Your task: In the records below, find the line containing "이제 Lambda >" and the line containing "Simpatica ghirlanda in". Give again exactly those lines and every line between them, omitting the pictures.

Source data:

>>>

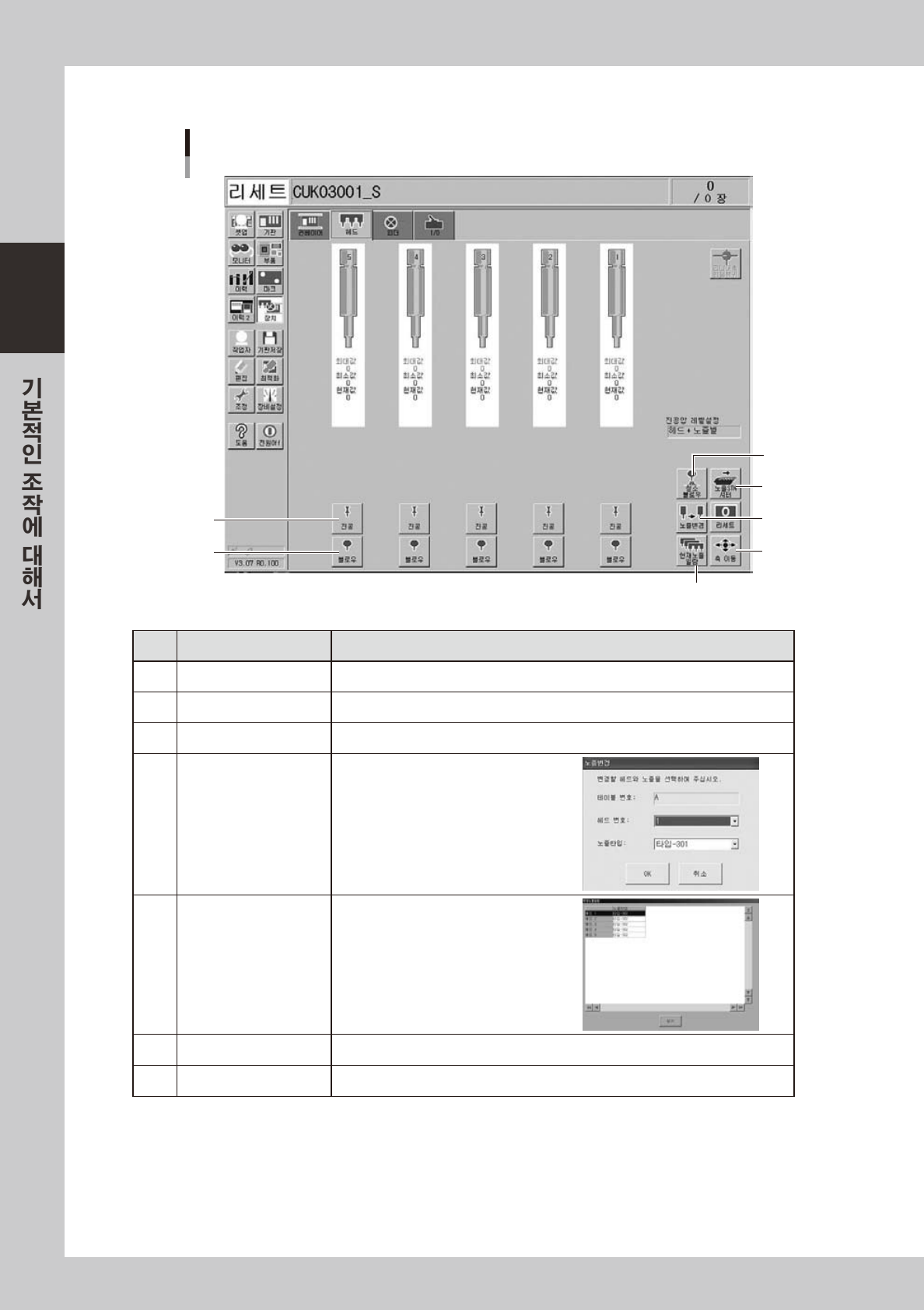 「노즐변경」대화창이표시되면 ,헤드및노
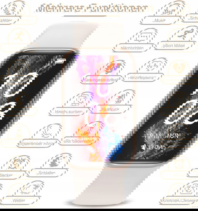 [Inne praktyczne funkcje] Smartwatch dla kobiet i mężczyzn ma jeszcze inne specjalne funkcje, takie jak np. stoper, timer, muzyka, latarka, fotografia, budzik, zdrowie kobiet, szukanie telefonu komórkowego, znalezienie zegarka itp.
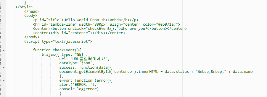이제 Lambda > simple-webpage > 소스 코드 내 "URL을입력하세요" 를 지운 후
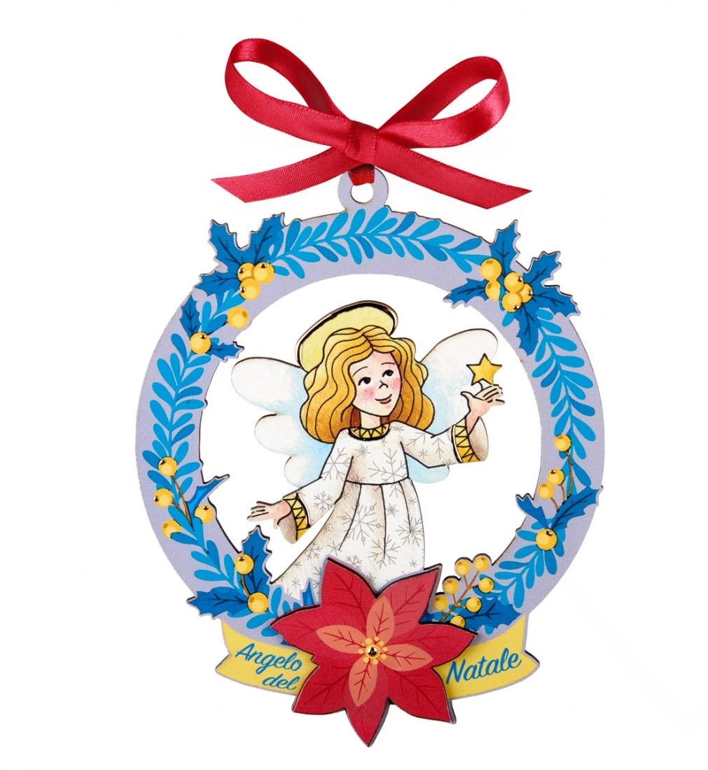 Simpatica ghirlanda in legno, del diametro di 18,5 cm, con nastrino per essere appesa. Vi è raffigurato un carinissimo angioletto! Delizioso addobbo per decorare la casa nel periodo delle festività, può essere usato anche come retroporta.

<<<
>>>

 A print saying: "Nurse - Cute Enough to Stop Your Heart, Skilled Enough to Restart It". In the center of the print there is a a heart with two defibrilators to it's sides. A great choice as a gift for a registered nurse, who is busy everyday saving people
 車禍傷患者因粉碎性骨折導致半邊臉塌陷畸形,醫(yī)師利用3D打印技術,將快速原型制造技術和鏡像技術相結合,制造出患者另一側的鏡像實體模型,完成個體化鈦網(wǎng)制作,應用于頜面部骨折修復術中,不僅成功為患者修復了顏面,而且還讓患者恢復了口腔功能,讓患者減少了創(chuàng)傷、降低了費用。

<<<

Problem solution:
이제 Lambda > simple-webpage > 소스 코드 내 "URL을입력하세요" 를 지운 후
 Simpatica ghirlanda in legno, del diametro di 18,5 cm, con nastrino per essere appesa. Vi è raffigurato un carinissimo angioletto! Delizioso addobbo per decorare la casa nel periodo delle festività, può essere usato anche come retroporta.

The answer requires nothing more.